Our study has some limitations. Its retrospective nature and single-center scale, the relatively small cohort, the unbalanced dataset, and the fact that only one scanner from a single vendor was included all limit generalizability. Further studies are necessary to validate the algorithm, especially across different scanners. In this regard, a correlation with more advanced metrics of image quality, such as the noise-equivalent count rate (NECR) [25, 26], is of great interest. Second, manual noise measurements were only performed by a single reader using a specific measurement procedure. We acknowledge that our results may have been impacted by the choice of measurement procedure (i.e., specific type of reader, choice of VOI size, etc.).

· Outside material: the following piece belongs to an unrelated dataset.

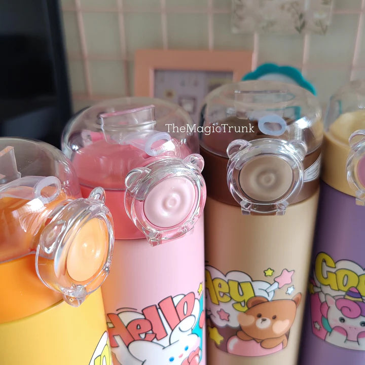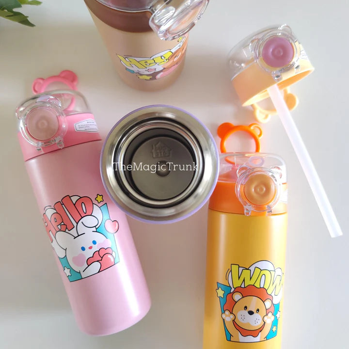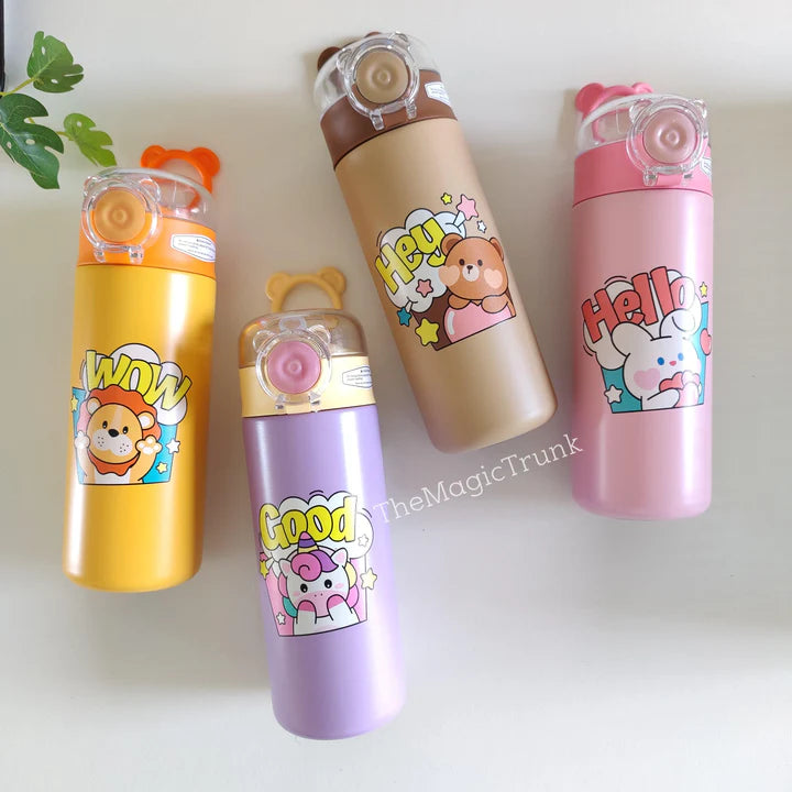 Bring joy to every sip with this adorable insulated stainless steel sipper bottle! Designed with lovable characters like the Unicorn, Lion, Bear, and Bunny, this bottle keeps drinks hot or cold for hours—perfect for school, travel, or home.

Last, image quality was subjectively assessed by only two readers in our study and may differ among a wider range of interpreters.

Conclusion

An automated computational noise measurement algorithm provides an accurate and meaningful estimation of the global noise level encountered in clinical PET imaging datasets. The algorithm provides noise values that correlate with manual VOI-based noise measurements and provides high performance for the determination of subjective image quality.